Zusammenfassend seien folgende "stilisierten Fakten" über den Prozess des technischen Fortschritts aufgeführt, welche die obigen Ausführungen zu diesem Konzept zusammenfassen sowie weiter präzisieren und verdeutlichen sollen (vgl. u.a. Dosi et al.1988:222-223):

- Der Innovationsprozess ist generell keineswegs eine automatische Abfolge von bestimmten Phasen mit sicheren Ergebnissen, sondern ein mit vielen Unbekannten versehener stochastischer Suchprozess. Dabei gibt es nicht nur einen Mangel an relevanten Informationen über das Zustandekommen bereits bekannter Phänomene, sondern es gibt auch technisch-ökonomische Probleme, deren Lösungen bisher noch unbekannt sind. Hinzu kommt, dass die beteiligten Akteure nicht immer in der Lage sind, die Folgen ihrer Handlungen genau abzuschätzen. Unsicherheit ist somit ein herausragendes Charakteristikum dieses Prozesses.

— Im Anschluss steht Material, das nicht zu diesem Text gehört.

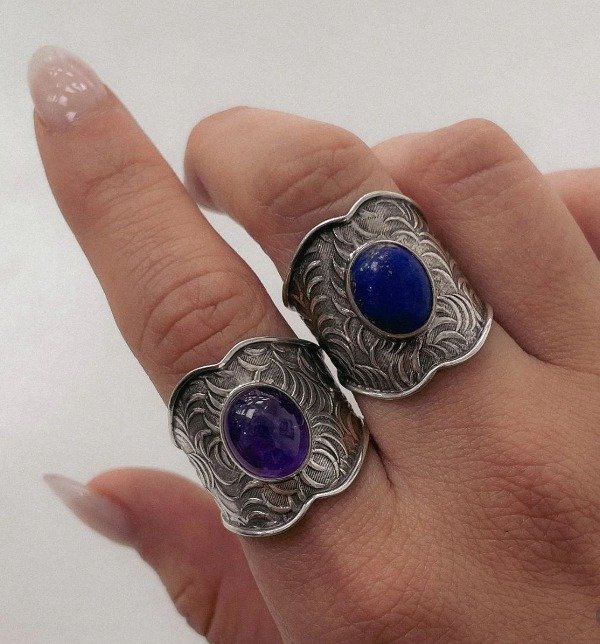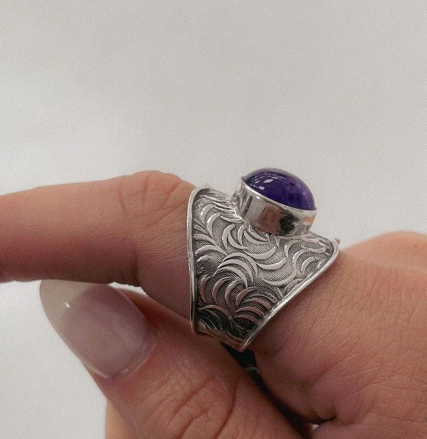 Anillo plata 925 con piedra oval amatista (violeta). Medida Regulable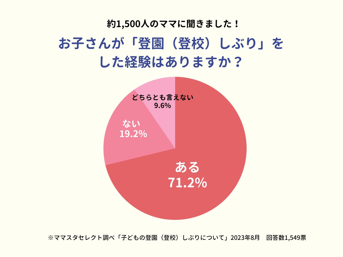 子どもの登園(登校)渋りを経験したことが「ある」と答えた人は71.2%、7割を超えました。一方で「ない」と答えた人は全体の19.2%、「どちらとも言えない」と回答した人は9.6%という結果となりました。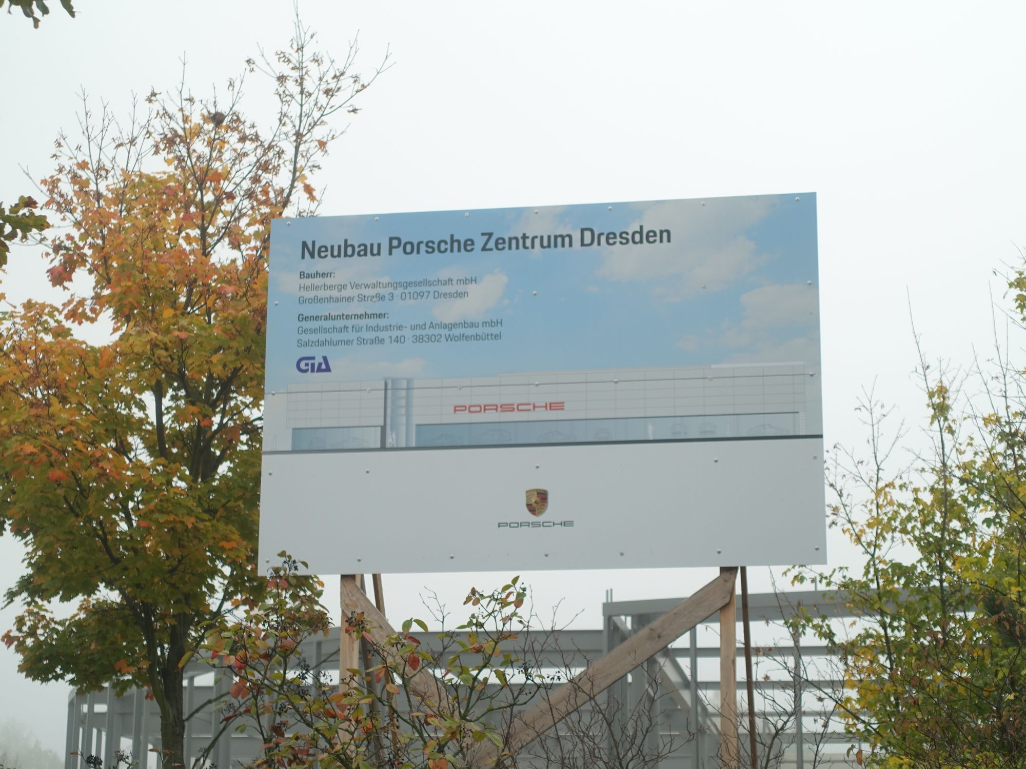 Das Porsche Zentrum Dresden wird seinen Standort von der Großenhainer Straße in die Meinholdstraße verlegen. Auf dem Grundstück gegenüber der Druckerei Prinovis Dresden verkündet ein Bauschild die Entstehung eines neuen und größeren Autohauses. Einen genauen Umzugstermin nennt das Unternehmen noch nicht. Sicher ist dagegen bereits, was am jetzigen Standort des Autohauses an der Großenhainer Straße 3 geplant ist. Und zwar bis Ende 2022.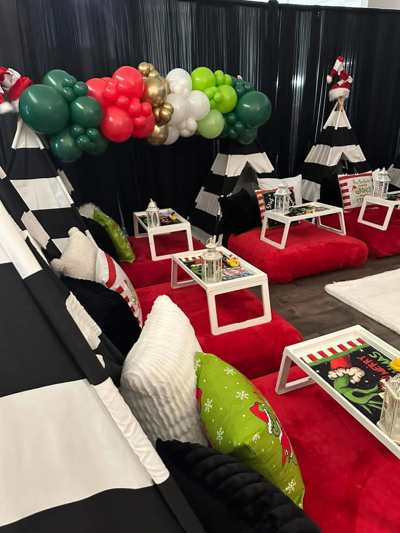 A beautifully styled indoor sleepover experience featuring themed teepees, cozy bedding, and curated decor for a magical night your child will never forget.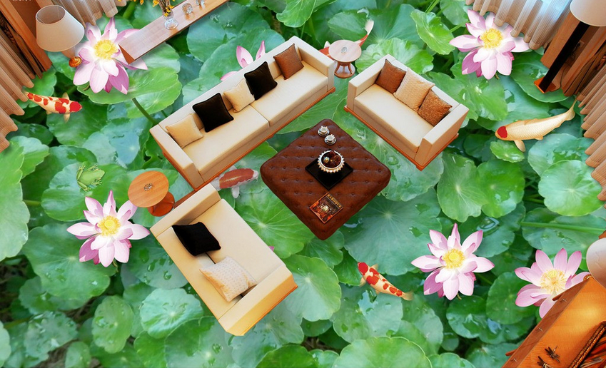 3D Green Lotus Pond Floor Mural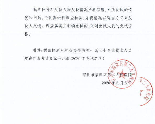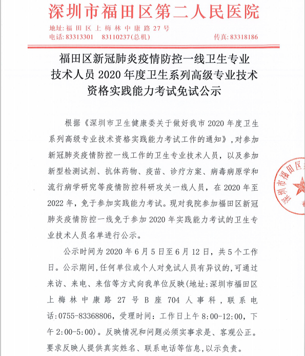 福田区新冠肺炎疫情防控一线卫生专业技术人员2020年度卫生系列高级专业技术资格实践能力考试免试公示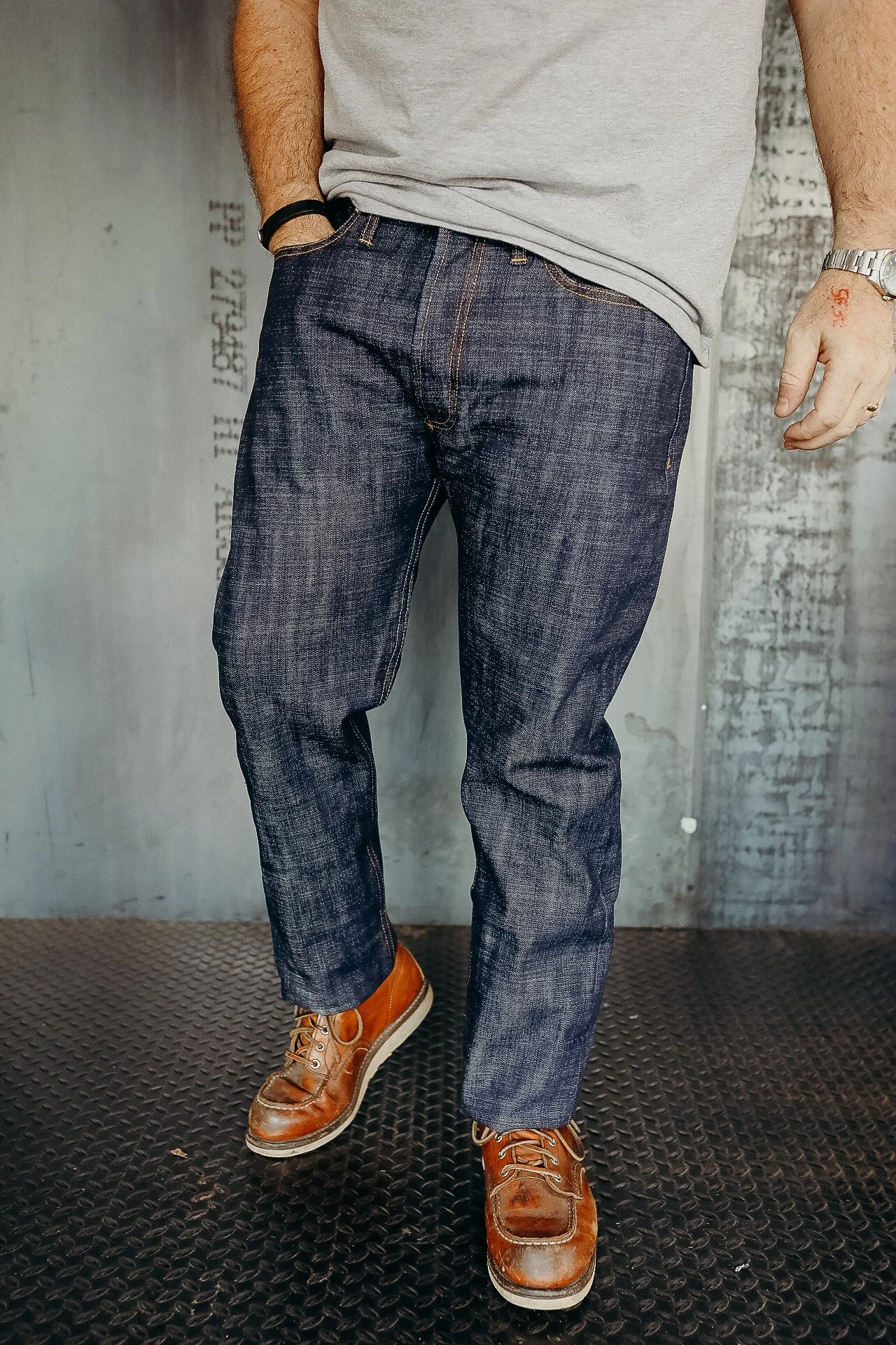 This extremely limited denim is woven on the same 100 year old Japanese mill that is also making 3sixteen's Burkina Faso denim. This 15.4 ounce 100% organic cotton denim is spun in a unique process that creates uneven twisted yarns, then dipped in natural indigo from India two times the amount used in traditional rope dyeing methods. -100% organic cotton -15.4 oz -Classic tapered fit -Natural indigo dyed -Made in the USA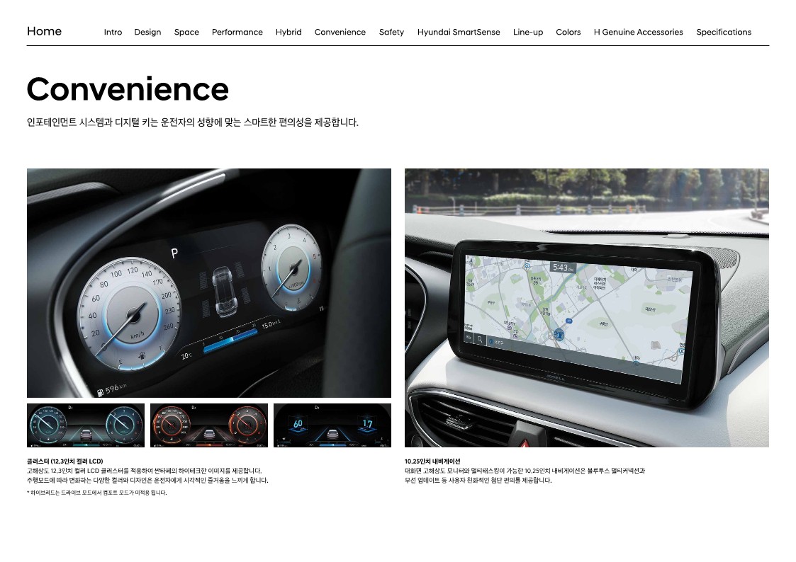 부분변경을 거치기 이전과 비교해보면 실내 레이아웃은 큰 변화가 없습니다. 수평형 레이아웃은여전합니다. 하지만 실내를 구성하는 요소들의 변화에는 눈길이 갑니다. 팰리세이드와 유사합니다. 가장 큰 변화는 바로 전자식 변속 버튼입니다. 가솔린과 디젤 그리고 하이브리드 모델 모두 기본 등급부터 적용됩니다. 하지만 클러스터는 아날로그로 4.2인치 컬러 LCD가 기본입니다.
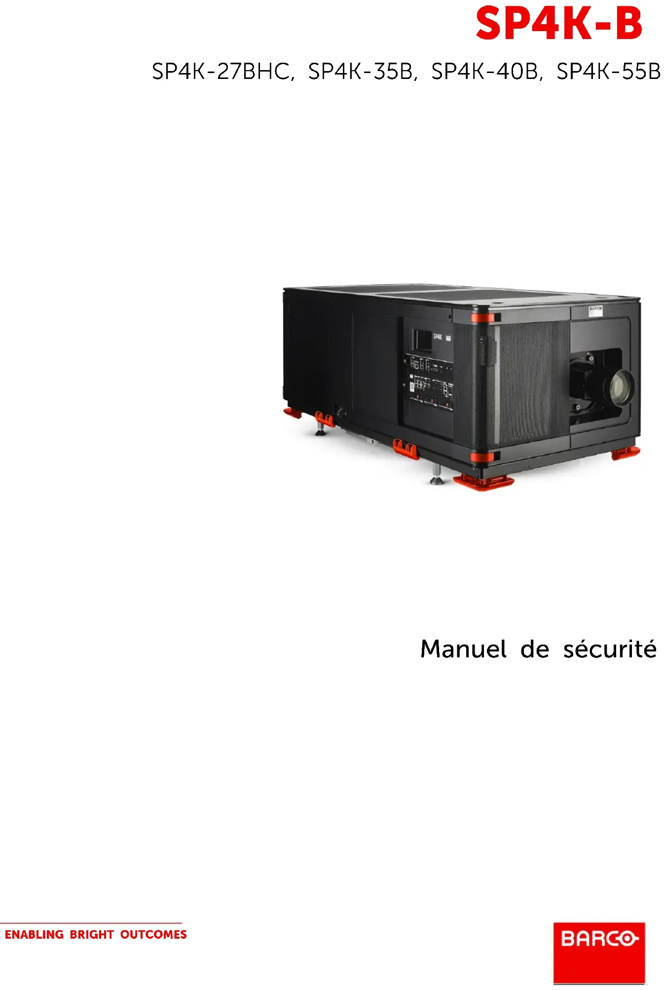 À propos de ce document Lisez attentivement ce document. Il contient des informations importantes pour éviter les dommages corporels pendant l'installation et l'utilisation du projecteur SP4K-B. Il comporte en outre plusieurs mises en garde afin d'éviter d'endommager le projecteur SP4K-B. Veillez à bien comprendre et suivre l'ensemble des consignes de sécurité et avertissements mentionnés dans ce chapitre avant d'installer le projecteur SP4K-B. Clarification du terme « SP4K-B » utilisé dans ce document Lorsque ce document fait référence au terme « SP4K-B », cela signifie que le contenu s’applique aux produits Barco suivants :
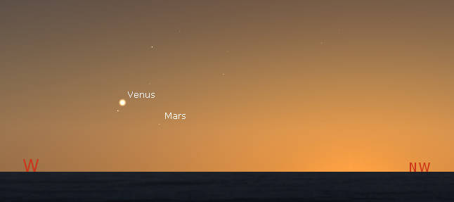 Venus and Mars in evening twilight at 10 pm, about 40 minutes after sunset, tonight, Julyn21, 2021. Regulus, the first magnitude star in Leo, will appear just below and left of Venus. Click on the image to enlarge it. Created using Stellarium.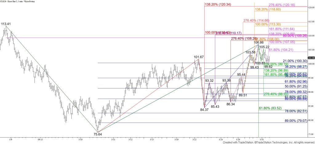 Nevertheless, even in the case that the pullback from $106.86 extends, the move down is likely a correction of the broader uptrend. There is a modest chance for a test of the $104.2 smaller than (0.618) target of the wave up from $99.43 early Wednesday. This is also in line with the 62 percent retracement from $106.86. Overcoming $104.2 will imply that the corrective pullback is complete. In this case, look for a test of $107.5, a close above which will put the near-term odds back in favor of May WTI rising to challenge the highly confluent $110.2 threshold.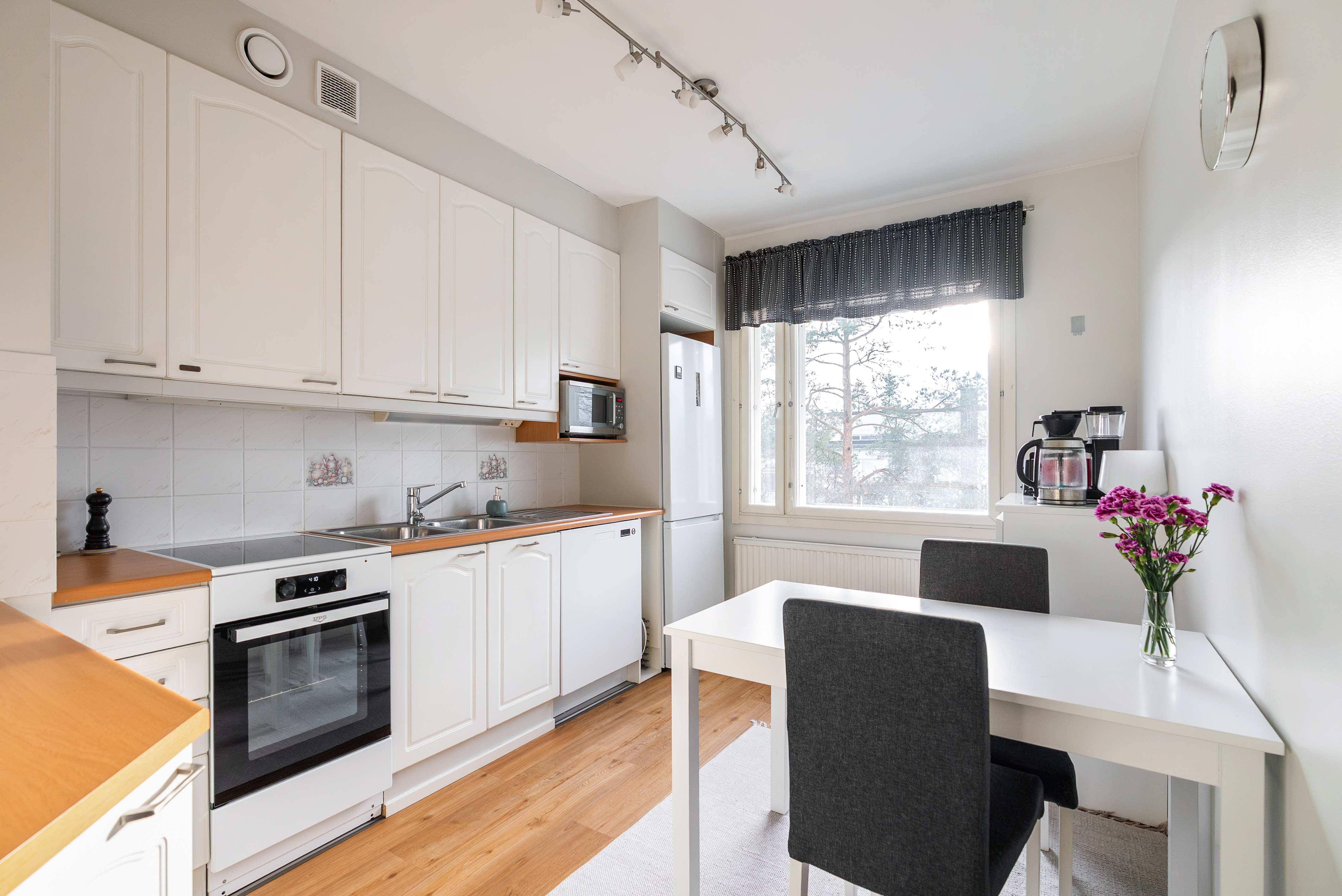 | Keittiön kuvaus | Liesi (Induktioliesi), lattiat (vinyylikorkki), jääkaappipakastin, liesi, liesituuletin ja astianpesukone |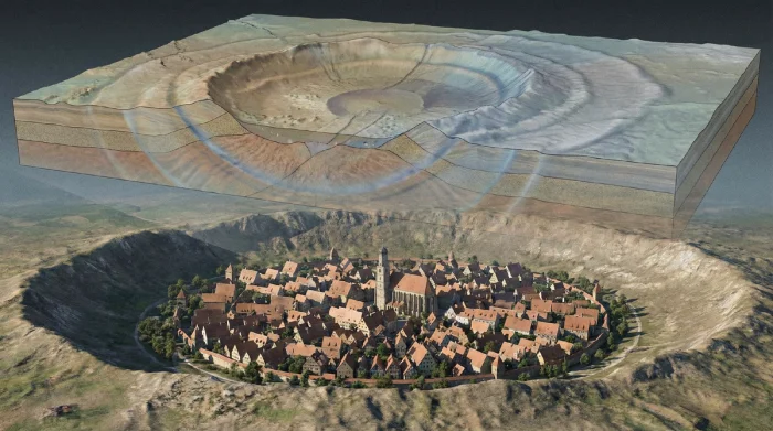Примерно 14,8 миллиона лет назад территория нынешней Германии стала эпицентром грандиозного катаклизма. Космическое тело размером порядка километра столкнулось с поверхностью Земли. Мощность удара оказалась колоссальной — в месте столкновения температура превысила 20 тысяч градусов, а давление подскочило до 60 гигапаскалей.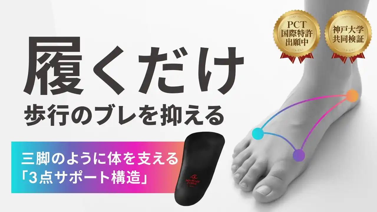 株式会社PRAIA(プライア)は、神戸大学大学院医学研究科 整形外科との共同研究により、歩行時の安定性を科学的に証明した革新的インソール「MARINE CORE(マリンコア)」を、応援購入サービス「Makuake(マクアケ)」にて2026年4月8日(水)より先行販売を開始いたしました。 |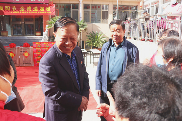 在捐贈儀式上,金城醫藥黨委書記、金城集團董事長趙鴻富為老人們送上了熱情洋溢的節日祝福。他說,重陽節到了,我代表金城醫藥黨委來看望大家,關心關愛老人也是我們的職責,公司這些年發展了,規模擴大了,品牌影響力提升了,這都得益于各級黨委政府和西河鎮家鄉父老的支持,公寓內有好多老人都曾經是金城公司的老員工,是你們給公司打下了堅實的發展基礎,你們是前輩、是基石,沒有你們的付出就沒有金城公司的今天。今天,在重陽節到來之際,我和集團黨委的幾位同志帶著一份敬意和心意來看望大家,希望老人和前輩們在這里能夠穿得住得干干凈凈、生活舒舒心心,安享晚年。公司也將繼續一如既往地關心支持敬老院的發展,盡公司最大能力向老人敬獻一份愛心。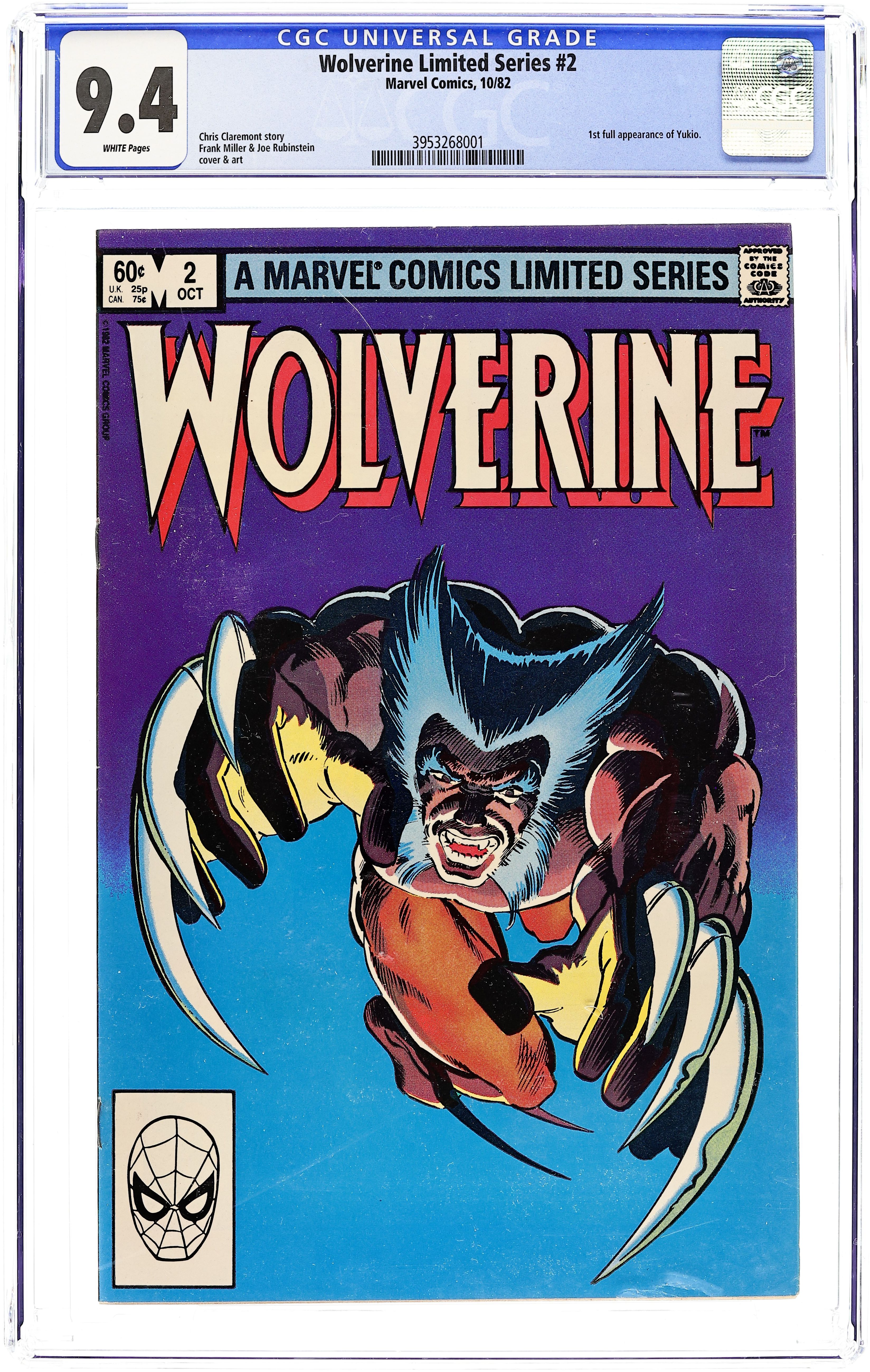 Direct Edition. Wolverine's Japanese adventure concludes in "Honor." Script by Chris Claremont, pencils by Frank Miller, inks by Joe Rubinstein. Miller/Rubinstein cover. Cover price $0.60.

- F&E-Aktivitäten zeichnen sich durch zunehmende Komplexität aus, mit der Konsequenz, dass diese mehr und mehr formal organisiert und koordiniert werden müssen und immer weniger von einzelnen, in isolierten Wissenschaftsdisziplinen tätigen Forschern durchgeführt werden können. Technischer Fortschritt wird oft dann erzielt, wenn verschiedene Forschungsarten (Grundlagen-, angewandte und industrielle Forschung) und verschiedene Wissenschaftsdisziplinen erfolgreich kombiniert werden können (wie z.B. in der Optoelektronik).

- Die zunehmende Abhängigkeit des technischen Fortschritts von der Wissenschaft bedingt eine zunehmende Bedeutung des Zugangs zu neuen wissenschaftlichen Erkenntnissen (Bedeutung von Wissenschafts- und Technologietransferstellen).

- Die Bedeutung des Experimentierens in Form von "Learning by doing" und "Learning by using" für den technischen Fortschritt nimmt zu.

- Technischer Fortschritt weist zunehmend einen kontinuierlichen Charakter auf.

- Technischer Fortschritt hängt zunehmend von einer intensiveren Kommunikation zwischen Wissenschaft, Wirtschaft und Finanzsektor einerseits und zwischen diesen und der Gesellschaft andererseits ab (Frage der Akzeptanz neuer Technologien durch die Bevölkerung).